There were several non-AI-specific CONSORT-AI items that were relatively poorly reported, including item 10 (who generated allocation sequence / enrolled participants / assigned participants to interventions) at 51%, and item 24 (access to full trial protocol) at 31%. Reporting was also suboptimal around sample size calculation, randomisation methods, reporting harms / unintended effects and trial registration details (Supplementary Data 2).

Journal reporting guideline mandates

Overall, reporting concordance with CONSORT-AI was good regardless of whether journals mandated its use (Table 4). Median CONSORT-AI concordance was higher for RCTs published in journals where CONSORT-AI was mandated (n = 2, 3%), at 100%, versus 90% (IQR 76–94%) for RCTs published in journals that did not mandate CONSORT-AI (n = 63, 97%).

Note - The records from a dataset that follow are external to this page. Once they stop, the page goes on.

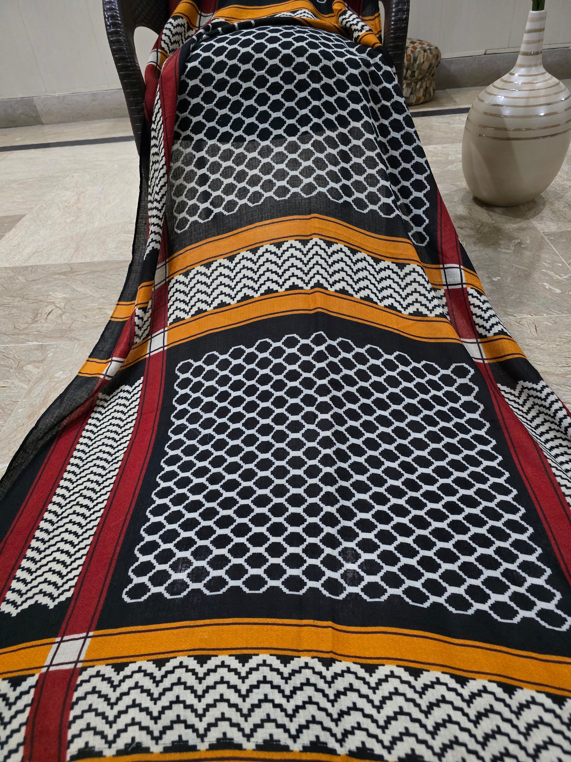 Crafted from a premium Fabric blend, this scarf features a beautifully detailed woven design in rich, multi-coloured motifs. Its bigger size allows for easy draping and versatile styling — perfect for both casual and formal occasions. The fabric is lightweight yet warm, making it ideal for all seasons, offering a graceful touch whether worn during breezy evenings or cool winter days.
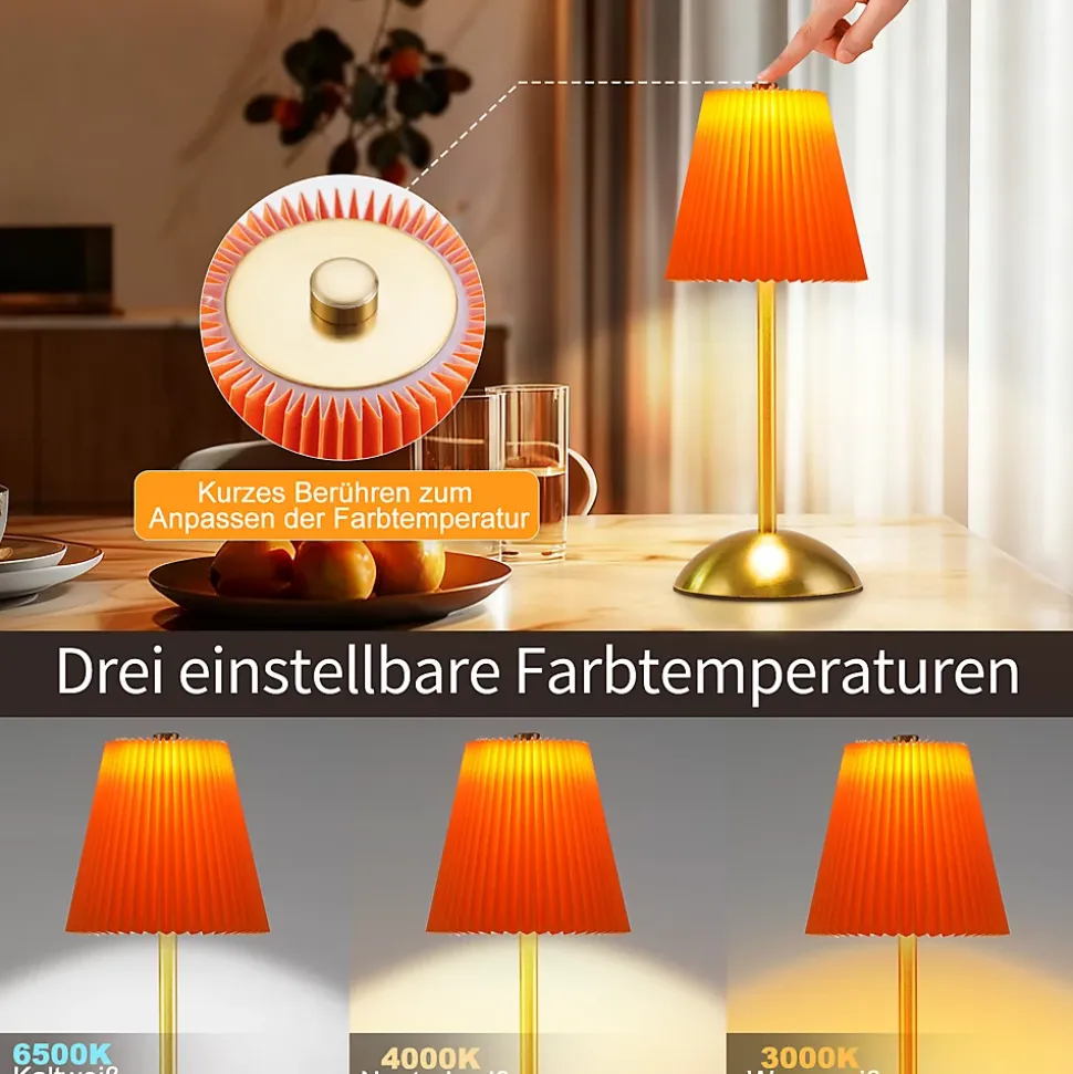 design moderne : cette lampe de table arbore un design moderne et minimaliste, avec un abat-jour élégant en tissu texturé qui s’intègre harmonieusement à différents styles d’intérieur. L’abat-jour est disponible en cinq coloris : noir, vert, blanc, gris-bleu et orange-rouge. Que vous souhaitiez créer une ambiance apaisante au bureau, un salon chaleureux ou égayer une chambre d’enfant dynamique, cette lampe de chevet répondra à vos besoins esthétiques.commande tactile : cette lampe de table sans fil est dotée d’un interrupteur tactile innovant. Une simple pression suffit pour l’allumer, éliminant ainsi le besoin d’interrupteurs traditionnels encombrants. Une pression prolongée permet un réglage progressif de l’intensité lumineuse, d’une lumière d’ambiance douce à une lumière vive, pour s’adapter à tous vos besoins.longue autonomie et charge rapide : cette lampe de table rechargeable est équipée d’une puissante batterie de 2000 mah (3,7 v) offrant jusqu’à 7 à 8 heures d’éclairage après une charge complète, répondant ainsi facilement aux besoins d’une utilisation quotidienne. Qu’elle soit posée sur votre bureau ou votre table de chevet, une recharge fréquente n’est pas nécessaire. Grâce à sa conception économe en énergie (2 w), la lampe se recharge complètement en seulement 3 à 4 heures.polyvalente et portable : cette lampe de table mesure seulement 11,5 x 11,5 x 30 cm. Son format compact la rend peu encombrante et facile à transporter et à ranger. Elle convient à de nombreux espaces, tels que les petits bureaux, les tables de chevet, les chambres, les salons, les bureaux, les entrées, les salles de lecture, les chambres d’enfants, les salles à manger, les bibliothèques, les hôtels, les bars et les locations de vacances.résistante et fiable : le corps de la lampe est fabriqué en fer robuste et durable, tandis que l’abat-jour est confectionné à partir d’une combinaison d’acrylique et de tissu.
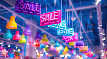 Bright and colorful sale signs dangle from the ceiling in a modern retail store, creating a vibrant shopping atmosphere filled with excitement.
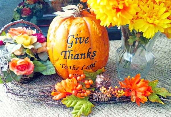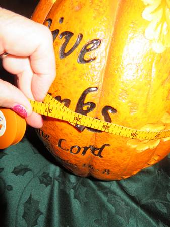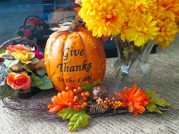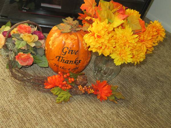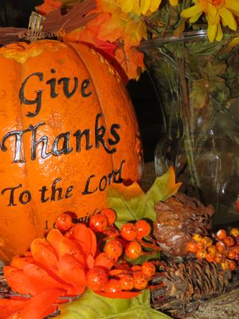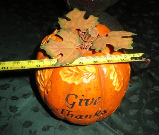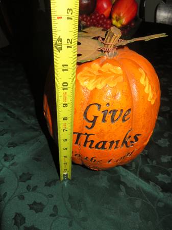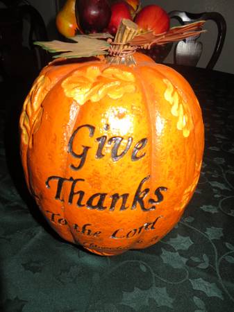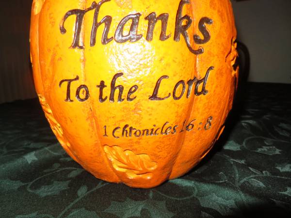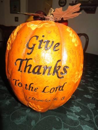 Thanksgiving "Give Thanks" Extra Large Polyresin Pumpkin with inscription, "Give Thanks To The Lord" "1Chronicles 16:8". It makes a beautiful Thanksgiving table centerpiece or display with fall flowers. 12" Tall x 7" Wide. Excellent Like New Condition. $30
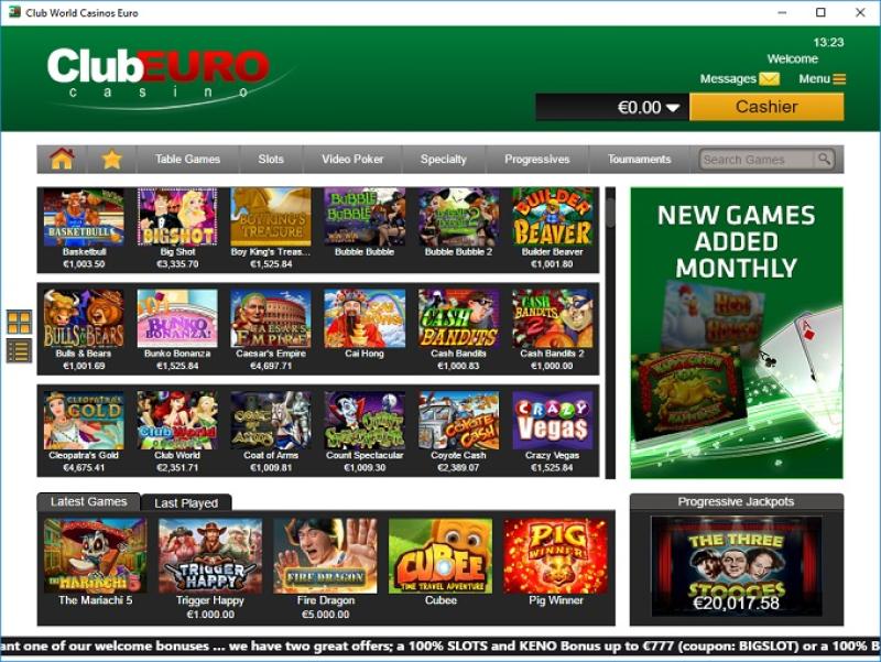 क्लब यूरो कैसीनो में खेलने के लिए ढेरों वीडियो और क्लासिक स्लॉट उपलब्ध हैं, हालाँकि ये गेम बिल्कुल वैसे ही हैं जैसे आपको दुनिया भर के दर्जनों अन्य RTG संचालित कैसीनो में मिलेंगे। बड़ी जीत की चाहत रखने वाले खिलाड़ियों को क्लब यूरो में प्रगतिशील जैकपॉट मिलेंगे, जिनके इनाम सैकड़ों से लेकर लाखों यूरो तक के होंगे।
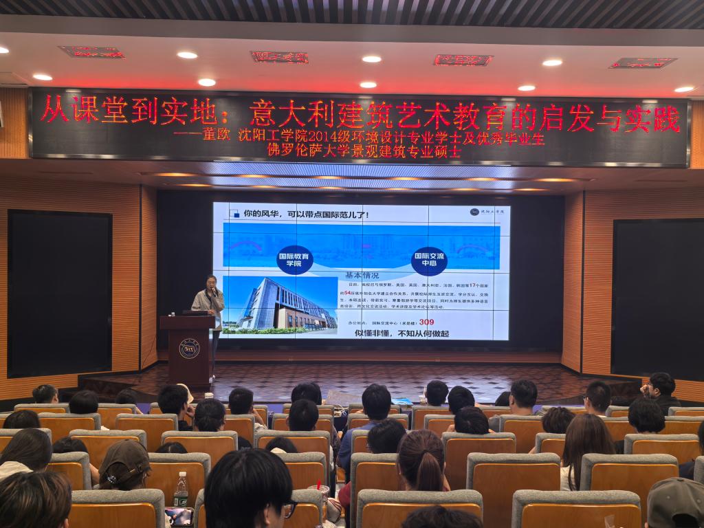 6月16日下午,2014级环境设计专业的杰出毕业生、佛罗伦萨大学景观建筑硕士董欧同学应邀重返母校,在国际教育学院报告厅作了题为《从课堂到实地:意大利建筑艺术教育的启发与实践》的精彩案例分享。此次活动由艺术与传媒学院和国际教育学院共同主办,吸引了200多名师生代表的积极参与。
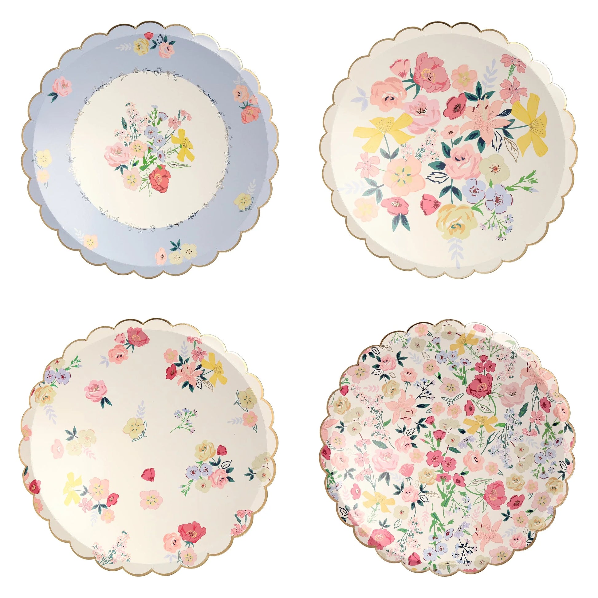 Looking for pretty plates for your party? Our elegant English Garden paper dinner plates are perfect for a tea party, engagement, wedding or anniversary. Each pack features four gorgeous floral designs with stunning gold foil detail.

Table 4 RCT CONSORT-AI concordance according to reporting guideline mandates from their journals of publication

RCTs published in journals where CONSORT 2010 was mandated (n = 30, 46%) had a higher overall median CONSORT-AI concordance of 92% (IQR 90–95%), versus 82% (IQR 61–90%) where CONSORT 2010 was not mandated (n = 35, 54%). This is primarily attributable to non-AI-specific item concordance, which had a median of 92% (IQR 90–95%) versus 81% (IQR 57–92%) in CONSORT 2010 mandated versus non-mandated journals, respectively. AI-specific items also showed higher concordance when CONSORT 2010 was mandated, with median 86% (IQR 79–93%) versus 79% (IQR 71–93%).

Discussion

The primary aim of this review was to determine the extent to which published RCTs report according to the CONSORT-AI extension since its publication in September 2020. We found 65 RCTs evaluating AI interventions in a variety of clinical settings and countries. Only 10 RCTs mentioned use of CONSORT-AI and 9 mentioned use of CONSORT 2010. Despite this, concordance with CONSORT-AI was generally high. There remains notable areas of poor reporting, such as stating the AI algorithm’s version, explaining whether or how the AI algorithm could be accessed, and most studies did not report details and availability of the full study protocol. From a journal mandate point of view, only 3 out of 52 journals instructed or recommended use of the CONSORT-AI checklist. It was unsurprising that journal mandates for use of CONSORT-AI were associated with greater concordance with CONSORT-AI reporting items (100% concordance versus 90%). However, we also found that AI RCTs published in journals endorsing CONSORT 2010 were more transparently reported compared to journals endorsing no reporting guidelines – according to CONSORT-AI specific considerations (92% concordance versus 82%). This may point towards a higher level of editorial scrutiny in journals which promote better reporting practices.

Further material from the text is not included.